You can change this setting in two ways.
- you can update it in db directly as you stated (not recommended)
- use engine-config -s vdsHeartbeatInSeconds=20 but prior to running
this command
  you need to update config file
/etc/ovirt-engine/engine-config/engine-config.properties
  with vdsHeartbeatInSeconds.type=Integer.

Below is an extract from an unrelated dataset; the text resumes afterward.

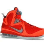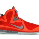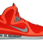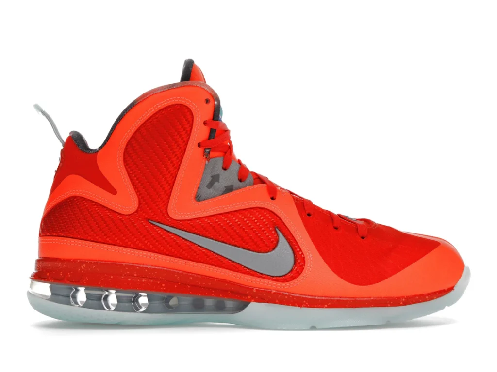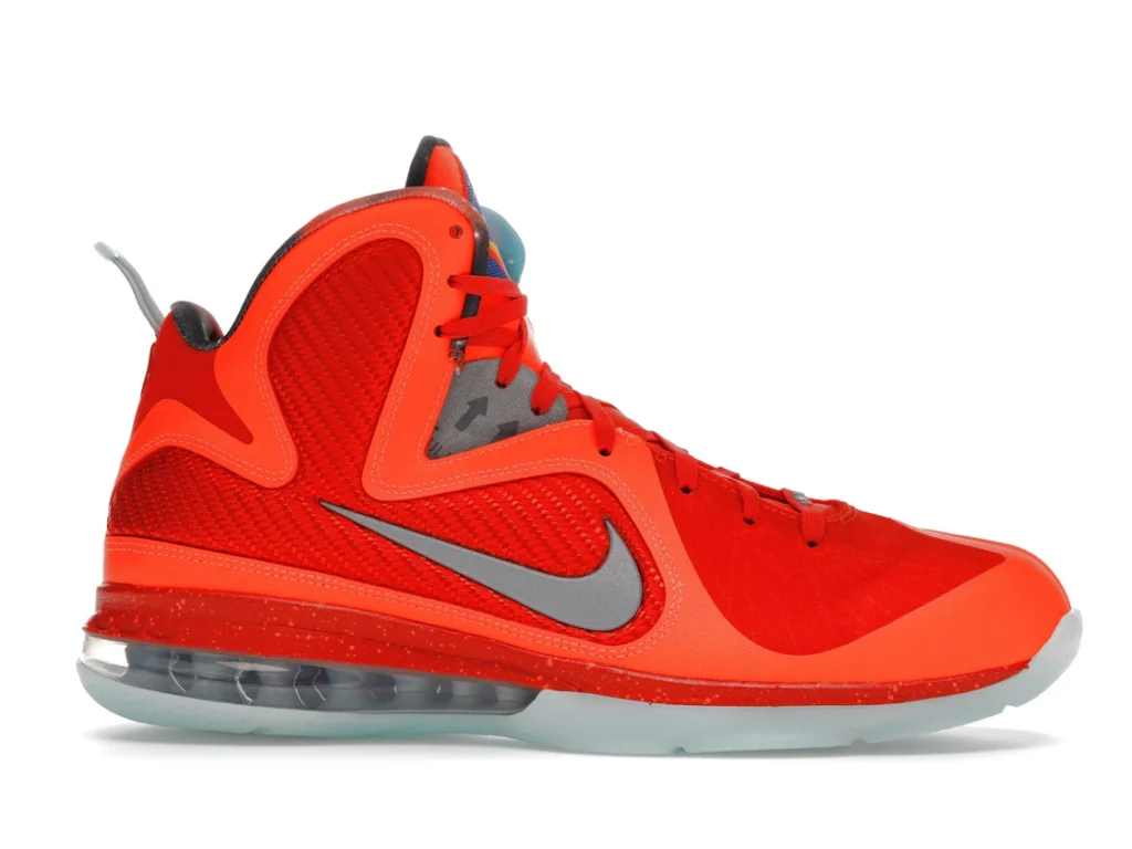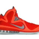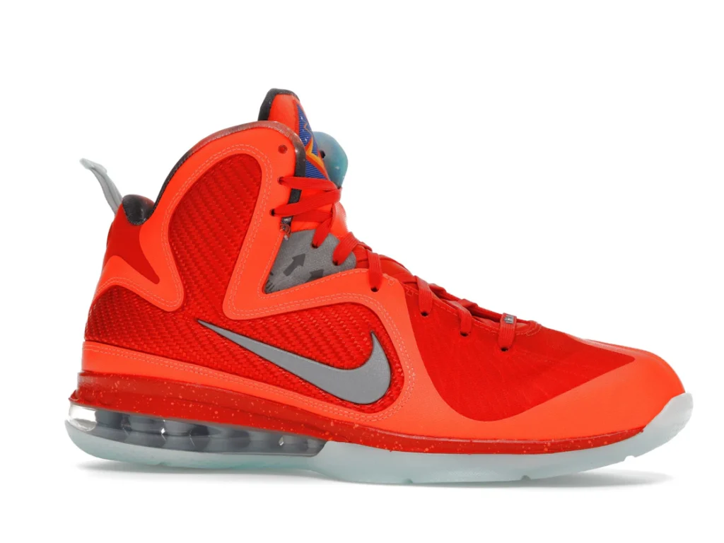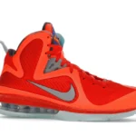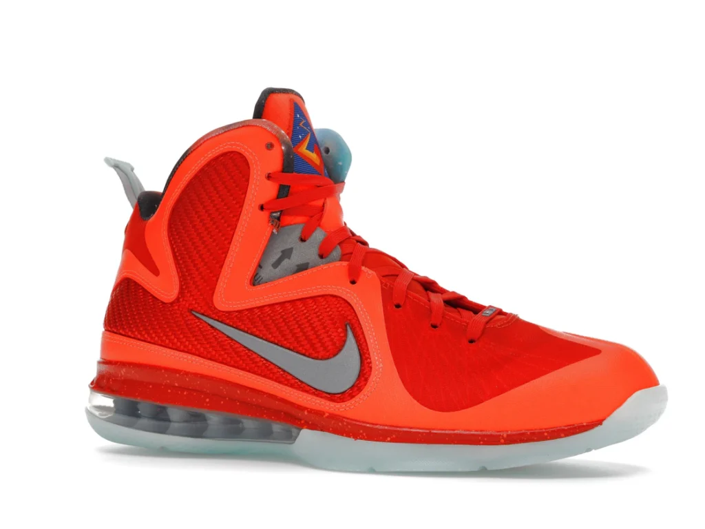 Paying tribute to the Kennedy Space Center in Orlando, which was the host city of the 2012 All-Star Weekend, the Nike LeBron 9 Big Bang embraces an interstellar theme. Its bright orange mesh upper nods to fiery explosions that take place during a space shuttle’s lift off. Metallic silver detailing depicts astronaut suits. Similar to clusters of stars in the solar system, the semi-translucent outsole glows in the dark.

This config value is not
exposed by default.


Thanks,
Piotr

On Mon, Mar 16, 2015 at 11:18 PM, Roel de Rooy <rder...@motto.nl> wrote:
> HI Piotr,
>
> Thanks for your reply!
>
> If I would like to change the heartbeat value, do I have to update the value 
> within the vdc_options table directly, or should this be done by another way 
> (e.g. config file)?
>
> Regards,
> Roel
>
> -----Oorspronkelijk bericht-----
> Van: Piotr Kliczewski [mailto:piotr.kliczew...@gmail.com]

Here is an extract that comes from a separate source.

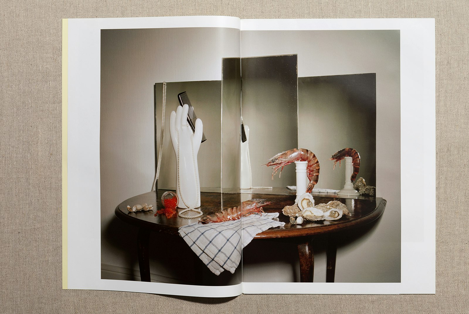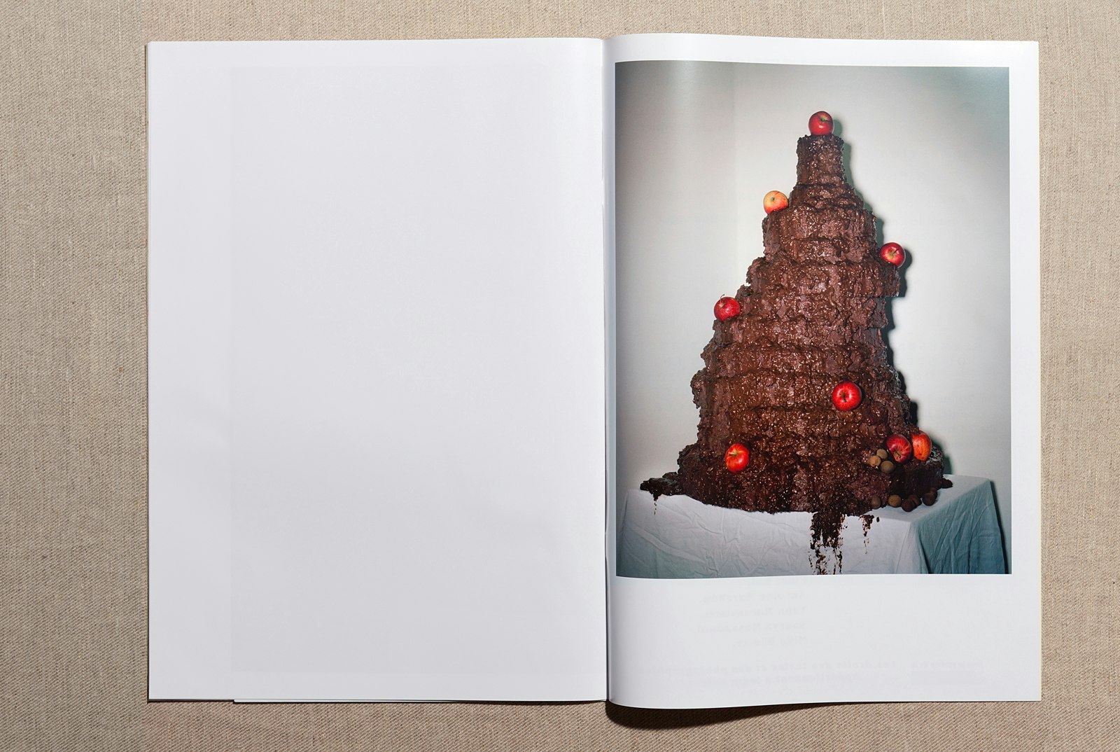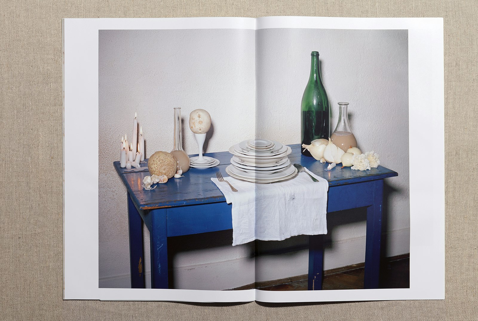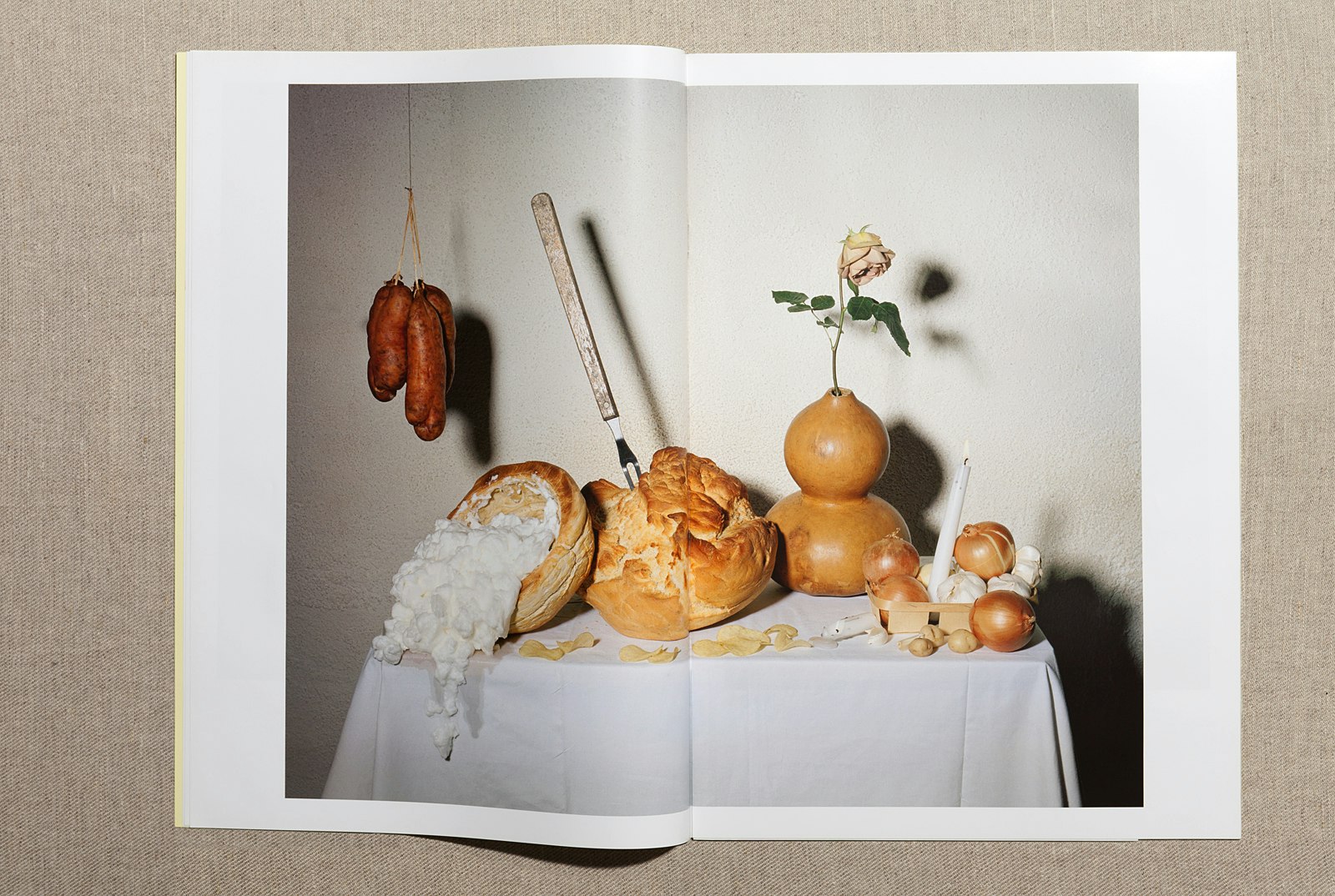 Comment une nature morte se présente-t-elle aujourd'hui? Les photographes lausannois Matthieu Lavanchy et Jonas Marguet ont revisité un genre bien connu. On leur avait demandé de réaliser un cycle de photographies en s'inspirant de la pièce de théâtre 'Obèse'. Ils trouvaient le thème de l'obésité plutôt délicat, voulaient à tout prix éviter la moquerie et ont donc décidé de le mettre en scène sous forme de nature morte. Les deux photographes, qui ont terminé leurs études à l'ECAL en 2008, ont imaginé une personne fictive dont ils font le portrait à travers des arrangements d'aliments et autres objets ménagers, réalisant ainsi neuf photos de composition tout à fait remarquables. La première, 'Neuf veltes remplissent un quartaut', montre une table recouverte d'une nappe blanche et garnie de grosses miches de pain ainsi que d'un vase-calebasse portant une rose. Dans le coin supérieur de la photo, on voit d'épais saucissons fumés suspendus à un fil, et sur la table encore, des oignons, de l'ail, ainsi qu'une bougie allumée. Une nature morte classique, alors? Au premier regard seulement. Car certains éléments dérangent: une fourchette à grill surdimensionnée est plantée dans l'une des miches de pain, tandis que la deuxième déborde d'une masse blanchâtre mousseuse rappelant la graisse. Dans d'autres photos, les mets se trouvent dans des endroits inhabituels: des langoustes, des coquillages et du caviar sur une coiffeuse – le contraste est déconcertant. Et pour finir, une image montrant des tuyaux, des entonnoirs et un récipient de verre en forme de courge d'où s'écoule une masse jaunâtre. Une allusion au processus de digestion? La démarche de Lavanchy et Marguet renouvelle les natures mortes des maîtres hollandais: si, dans les tableaux des maîtres anciens, l'on voyait surtout une profusion de mets raffinés, ici les entassements de nourriture ou les liquides ne sont plus immédiatement reconnaissables comme aliments. Renouvelant le genre par leur démarche, Matthieu Lavanchy et Jonas Marguet présentent une mise en scène talentueuse de choses peu appétissantes et provoquent l'irritation par leurs effets de distanciation.

> Verzonden: maandag 16 maart 2015 12:16
> Aan: Roel de Rooy
> CC: Michal Skrivanek; users@ovirt.org
> Onderwerp: Re: [ovirt-users] Communication errors between engine and nodes?
>
> Unfortunately log entries that you copied give me almost no information about 
> nature of your issue.
> There are few things that we can do to understand what is going on with your 
> setup.
>
> Heartbeat functionality provides means to detect whether we still have 
> connection with a host. By default heartbeat timeout is set to 10 seconds but 
> it can be modified by setting vdsHeartbeatInSeconds.
>
> In general whenever there are no incoming responses nor heartbeat frame is 
> not received engine will invalidate the connection and will attempt to 
> recover. If reconnection was successful you want see any other consequences 
> of loosing single heartbeat. I would explore stability of your network so if 
> the network is busy or you loose network packets from time to time this kind 
> of entries in the log are expected. You can increase heatbeat value and see 
> whether it will work better for your env.
>
> If you confirm that your network is stable we could explore the issue further 
> by setting debug level logging for your engine to understand exactly how the 
> messages are processes by a host and when we receive responses.
>
>
>
> On Mon, Mar 16, 2015 at 11:34 AM, Roel de Rooy <rder...@motto.nl> wrote:
>> Received the "heartbeat exeeded" continuously this morning (seems to be 
>> quiet again for now).
>> VM's still continue to work correctly and the storage domains (NFS shares) 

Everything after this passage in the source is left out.